Better visual working memory for APOE ε4 carriers: #cancelled? We do the math!

A new paper claims that APOE ε4 carriers, a group previously described as having poorer long-term memory, actually have better visual working memory. On Twitter, Prof Dorothy Bishop raised the issue of multiple comparisons, or rather a lack thereof… Should the paper be #cancelled?!

TL;DR: No.


There is a lot of research on the apolipoprotein E (APOE) gene’s three main alleles: ε2, ε3, and ε4. Out of these, ε3 is basic, you don’t really hear a lot about ε2, and ε4 is a bit extra: it is associated with higher risk of Alzheimer’s, and earlier demenita onset. This also means that the APOE ε4 carriers who will end up being diagnosed with a dementia are more likely to have subtle cognitive deficits during the decennia before their diagnosis. (Their brains are already impacted, but not to a high enough degree to notice or meet diagnostic criteria.)

Some people have thus asked: “C’mon, evolution, why have you not gotten rid of APOE ε4 if it’s such a bad allele?” One idea is that APOE ε4 also confers certain benefits that could outweigh some of its downsides. In line with this approach, Kirsty Lu and co-authors attempted to look for cognitive benefits in APOE ε4 carriers, and reported on it in an article in Nature Aging (see the full reference at the bottom of this post).

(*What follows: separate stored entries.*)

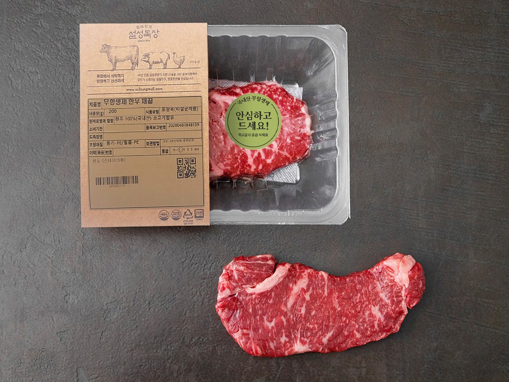 식탁 위에 신선한 한우만을 전하는 설성목장의 채끝살이에요. 채끝살은 소고기 본연의 깊은 풍미를 잘 느낄 수 있는 부위로, 지방이 적고 살코기가 많아 야들야들 부드러운 식감이 좋은데요. 설성목장의 채끝살은 깨끗하고 선명한 마블링을 자랑하지요. 1+등급으로 엄선하고 무항생제 인증까지 받아 더욱 안심하고 먹을 수 있어요. 두께가 도톰해 스테이크를 굽기에 적합한 제품이랍니다.
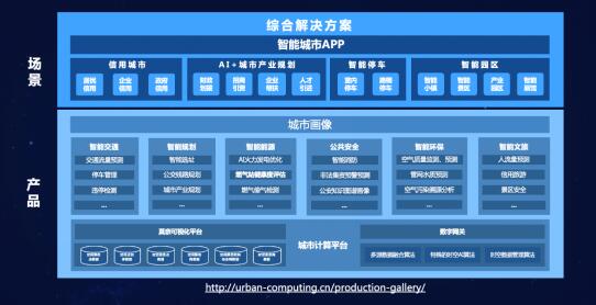 第三層是場(chǎng)景化解決方案層,包括信用城市解決方案、AI+城市產(chǎn)業(yè)規(guī)劃解決方案、智能停車場(chǎng)解決方案、智能園區(qū)解決方案和智能城市APP五大場(chǎng)景化解決方案。解決方案可以調(diào)用不同種類的產(chǎn)品,比如在智能園區(qū)解決方案中,會(huì)綜合使用智能交通中的停車管理產(chǎn)品、智能規(guī)劃中的智能選址產(chǎn)品、智能能源中的燃?xì)庹窘】刀仍u(píng)估產(chǎn)品,針對(duì)智能園區(qū)的特定場(chǎng)景,組成一整套解決方案。
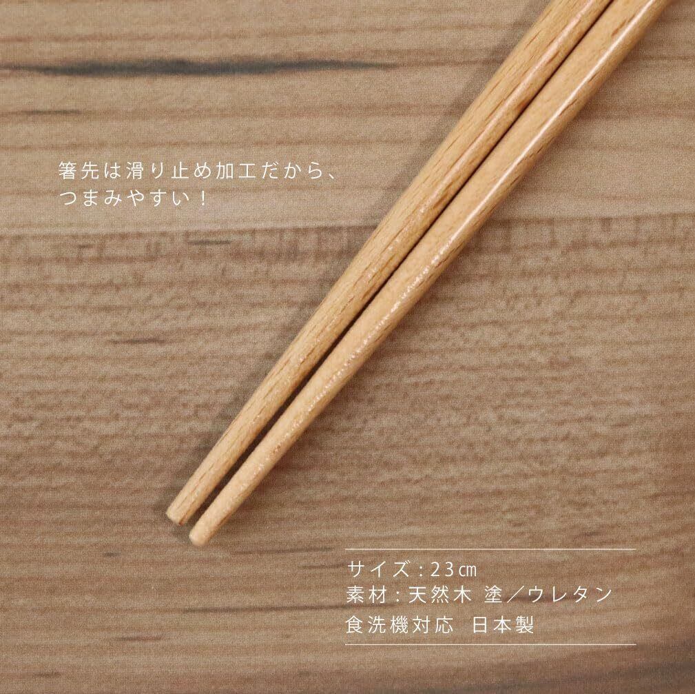 【素材と加工】このお箸は、天然木を使用して作られており、素材の持つ温かみと自然な風合いを楽しめます。箸先には滑り止め加工が施されており、食材をしっかりとつかむことができます。毎日の食事がより快適に感じられるデザインです。

Prof Masud Husain (5th out of 23 authors, if I counted correctly) tweeted about the new paper (see above), and Twitter was quick to respond (see below). Two main pieces of criticism were offered: 1) How is APOE ε4 actually selected against? 2) You didn’t do a correction for making many statistical comparisons!

Full disclosure: Masud was my PhD supervisor, and this caught my attention because it’s not often that you see your PhD supervisor get cancelled on Twitter!

The first is easy: Poorer long-term memory is an obvious downside that can subtly affect survival. (For example through forgetting where the good bits in your environment are, like food and shelter. Think how good it is for elephants to have an amazing memory for these things.) People on Twitter seemed to think that it didn’t matter in old age. This glosses over potential earlier downsides, and it is reminiscent of the “grandmother hypothesis”. This is an answer to the question “Why don’t women just die after they’re no longer fertile?” (Astute observers will note that the existence of this question is an excellent argument for why we need more women in evolutionary psychology.) Turns out, having grandparents around increases the survival chances of their offspring and their offspring’s offspring. Thus, grandparents who are not dead, suffering from dementia, or just very forgetful could ultimately confer an evolutionary benefit to their own offspring’s survival.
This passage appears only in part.